Provided data START

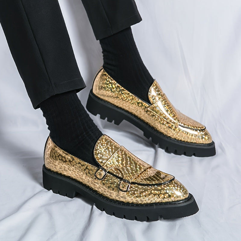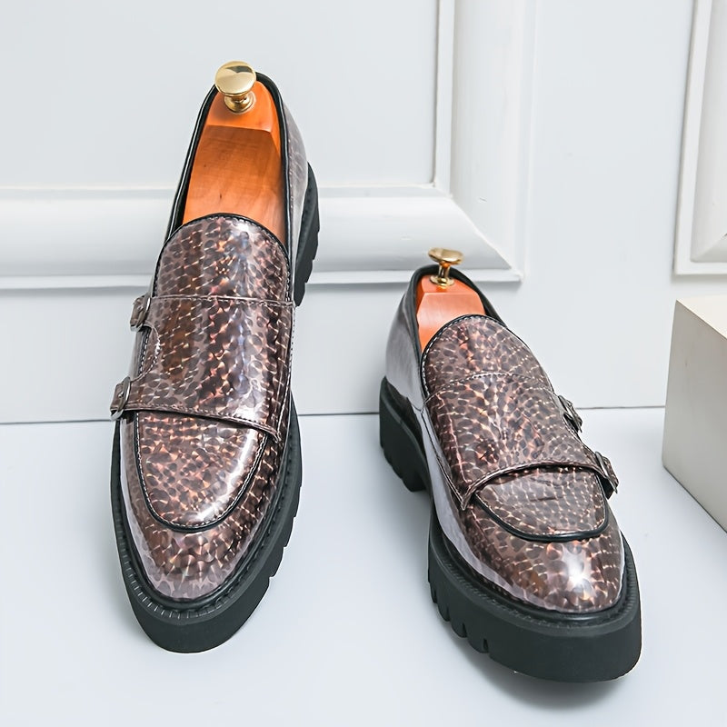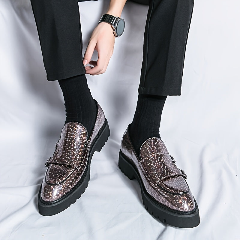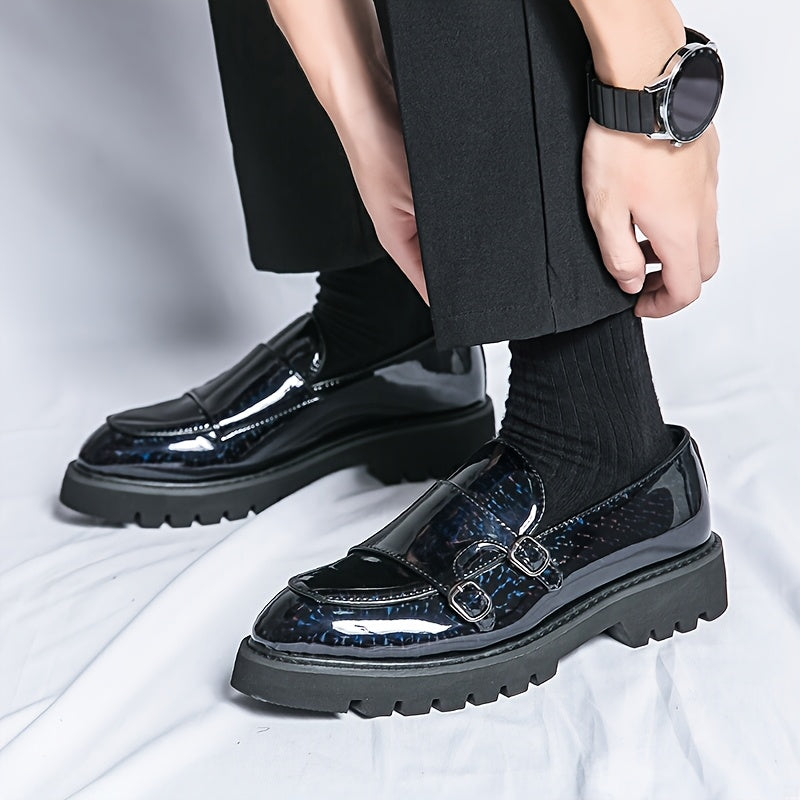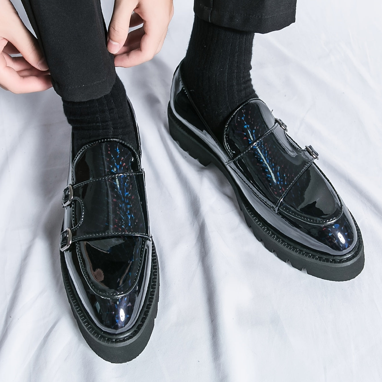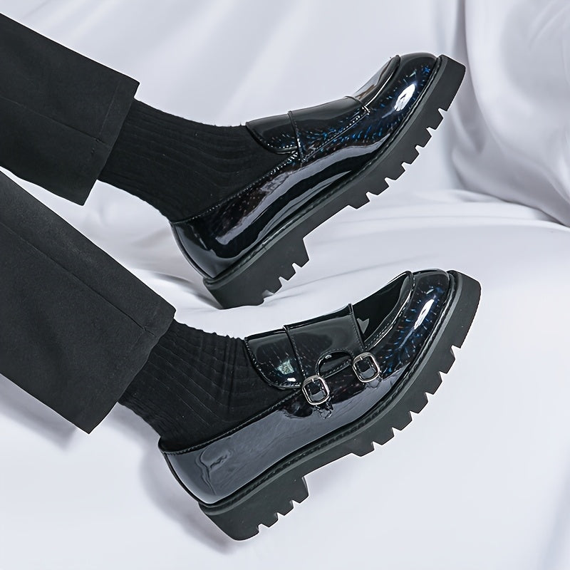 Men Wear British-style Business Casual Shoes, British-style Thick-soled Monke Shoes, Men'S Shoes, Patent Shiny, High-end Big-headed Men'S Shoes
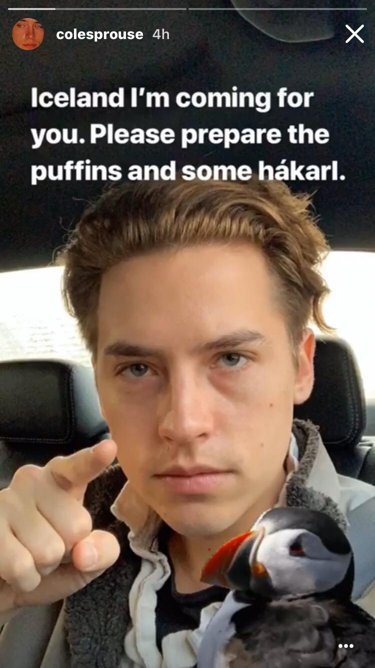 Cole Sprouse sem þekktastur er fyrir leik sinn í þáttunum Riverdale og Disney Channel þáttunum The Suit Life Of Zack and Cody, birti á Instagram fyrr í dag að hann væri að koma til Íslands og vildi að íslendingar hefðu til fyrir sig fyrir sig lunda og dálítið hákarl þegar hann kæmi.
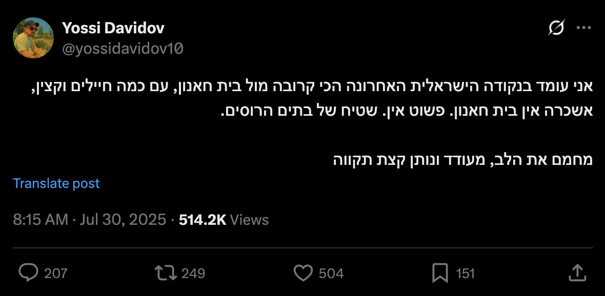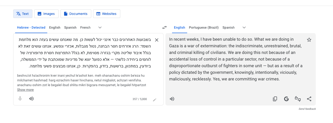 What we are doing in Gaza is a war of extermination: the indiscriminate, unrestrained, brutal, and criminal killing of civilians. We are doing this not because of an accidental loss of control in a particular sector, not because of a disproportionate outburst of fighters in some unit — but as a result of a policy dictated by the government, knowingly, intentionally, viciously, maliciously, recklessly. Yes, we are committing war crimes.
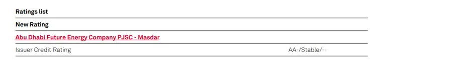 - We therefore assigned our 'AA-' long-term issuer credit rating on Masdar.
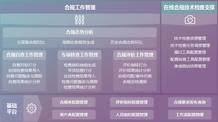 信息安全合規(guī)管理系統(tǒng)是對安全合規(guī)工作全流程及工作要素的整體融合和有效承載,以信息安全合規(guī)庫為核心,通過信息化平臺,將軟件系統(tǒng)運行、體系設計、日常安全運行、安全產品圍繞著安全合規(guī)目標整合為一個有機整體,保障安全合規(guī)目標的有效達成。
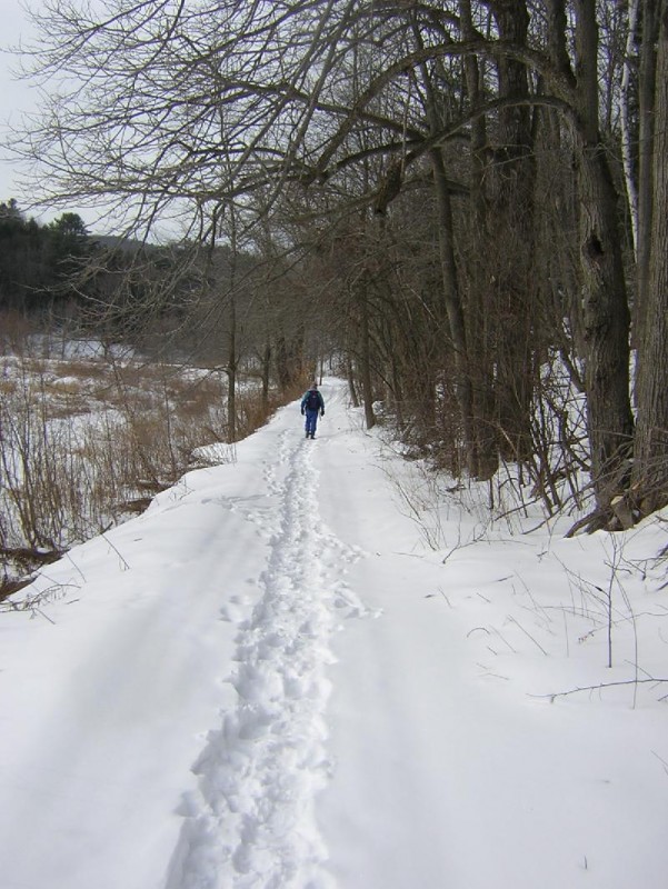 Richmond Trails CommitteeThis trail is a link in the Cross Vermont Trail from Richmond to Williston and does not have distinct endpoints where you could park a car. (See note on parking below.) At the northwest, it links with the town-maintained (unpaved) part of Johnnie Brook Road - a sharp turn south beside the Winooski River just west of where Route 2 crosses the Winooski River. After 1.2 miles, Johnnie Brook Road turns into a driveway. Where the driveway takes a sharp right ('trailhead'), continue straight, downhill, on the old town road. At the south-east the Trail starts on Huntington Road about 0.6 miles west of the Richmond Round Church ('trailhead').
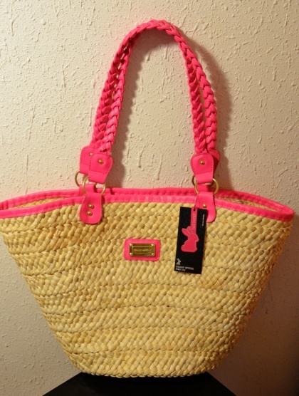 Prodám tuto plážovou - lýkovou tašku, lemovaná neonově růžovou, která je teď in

Provided data END

● **Prompt**: The first line of the listing through the line with "信息安全合規(guī)管理系": repeat exactly that span and nothing more, skipping pictures.

● **Problem solution**:
 Men Wear British-style Business Casual Shoes, British-style Thick-soled Monke Shoes, Men'S Shoes, Patent Shiny, High-end Big-headed Men'S Shoes
 Cole Sprouse sem þekktastur er fyrir leik sinn í þáttunum Riverdale og Disney Channel þáttunum The Suit Life Of Zack and Cody, birti á Instagram fyrr í dag að hann væri að koma til Íslands og vildi að íslendingar hefðu til fyrir sig fyrir sig lunda og dálítið hákarl þegar hann kæmi.
 What we are doing in Gaza is a war of extermination: the indiscriminate, unrestrained, brutal, and criminal killing of civilians. We are doing this not because of an accidental loss of control in a particular sector, not because of a disproportionate outburst of fighters in some unit — but as a result of a policy dictated by the government, knowingly, intentionally, viciously, maliciously, recklessly. Yes, we are committing war crimes.
 - We therefore assigned our 'AA-' long-term issuer credit rating on Masdar.
 信息安全合規(guī)管理系統(tǒng)是對安全合規(guī)工作全流程及工作要素的整體融合和有效承載,以信息安全合規(guī)庫為核心,通過信息化平臺,將軟件系統(tǒng)運行、體系設計、日常安全運行、安全產品圍繞著安全合規(guī)目標整合為一個有機整體,保障安全合規(guī)目標的有效達成。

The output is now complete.